Record set »
────────────────────

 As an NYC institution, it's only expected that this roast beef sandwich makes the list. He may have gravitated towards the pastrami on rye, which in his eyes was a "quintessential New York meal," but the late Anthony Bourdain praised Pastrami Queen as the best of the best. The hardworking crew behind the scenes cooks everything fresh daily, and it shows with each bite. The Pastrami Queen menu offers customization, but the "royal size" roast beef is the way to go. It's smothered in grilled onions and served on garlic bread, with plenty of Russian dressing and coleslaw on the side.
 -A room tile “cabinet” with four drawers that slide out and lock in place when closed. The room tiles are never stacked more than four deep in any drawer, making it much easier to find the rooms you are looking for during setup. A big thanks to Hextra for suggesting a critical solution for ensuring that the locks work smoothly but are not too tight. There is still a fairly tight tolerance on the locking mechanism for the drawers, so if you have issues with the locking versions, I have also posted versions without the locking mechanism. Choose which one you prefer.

────────────────────

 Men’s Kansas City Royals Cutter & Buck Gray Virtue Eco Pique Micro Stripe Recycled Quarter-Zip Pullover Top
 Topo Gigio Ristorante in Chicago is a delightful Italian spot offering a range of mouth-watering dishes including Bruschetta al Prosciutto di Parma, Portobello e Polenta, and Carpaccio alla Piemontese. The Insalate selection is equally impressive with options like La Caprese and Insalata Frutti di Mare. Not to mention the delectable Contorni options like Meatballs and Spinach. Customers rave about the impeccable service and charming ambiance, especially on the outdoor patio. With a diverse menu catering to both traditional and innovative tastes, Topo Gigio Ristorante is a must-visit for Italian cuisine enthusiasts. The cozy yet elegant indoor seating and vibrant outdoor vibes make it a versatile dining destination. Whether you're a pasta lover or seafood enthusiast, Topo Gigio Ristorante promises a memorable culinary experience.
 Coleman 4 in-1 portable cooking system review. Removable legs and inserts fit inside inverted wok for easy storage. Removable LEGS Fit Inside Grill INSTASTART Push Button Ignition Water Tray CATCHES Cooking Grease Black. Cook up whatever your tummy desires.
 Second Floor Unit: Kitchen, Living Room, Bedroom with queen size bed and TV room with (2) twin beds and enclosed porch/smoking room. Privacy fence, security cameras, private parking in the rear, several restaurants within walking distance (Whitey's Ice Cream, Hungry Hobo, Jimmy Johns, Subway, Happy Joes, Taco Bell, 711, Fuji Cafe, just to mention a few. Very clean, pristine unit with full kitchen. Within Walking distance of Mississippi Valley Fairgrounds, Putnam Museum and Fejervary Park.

────────────────────

What this task involves » In the records above, find every line that contains the word "room" and copy it.

Written solution »
 -A room tile “cabinet” with four drawers that slide out and lock in place when closed. The room tiles are never stacked more than four deep in any drawer, making it much easier to find the rooms you are looking for during setup. A big thanks to Hextra for suggesting a critical solution for ensuring that the locks work smoothly but are not too tight. There is still a fairly tight tolerance on the locking mechanism for the drawers, so if you have issues with the locking versions, I have also posted versions without the locking mechanism. Choose which one you prefer.
 Second Floor Unit: Kitchen, Living Room, Bedroom with queen size bed and TV room with (2) twin beds and enclosed porch/smoking room. Privacy fence, security cameras, private parking in the rear, several restaurants within walking distance (Whitey's Ice Cream, Hungry Hobo, Jimmy Johns, Subway, Happy Joes, Taco Bell, 711, Fuji Cafe, just to mention a few. Very clean, pristine unit with full kitchen. Within Walking distance of Mississippi Valley Fairgrounds, Putnam Museum and Fejervary Park.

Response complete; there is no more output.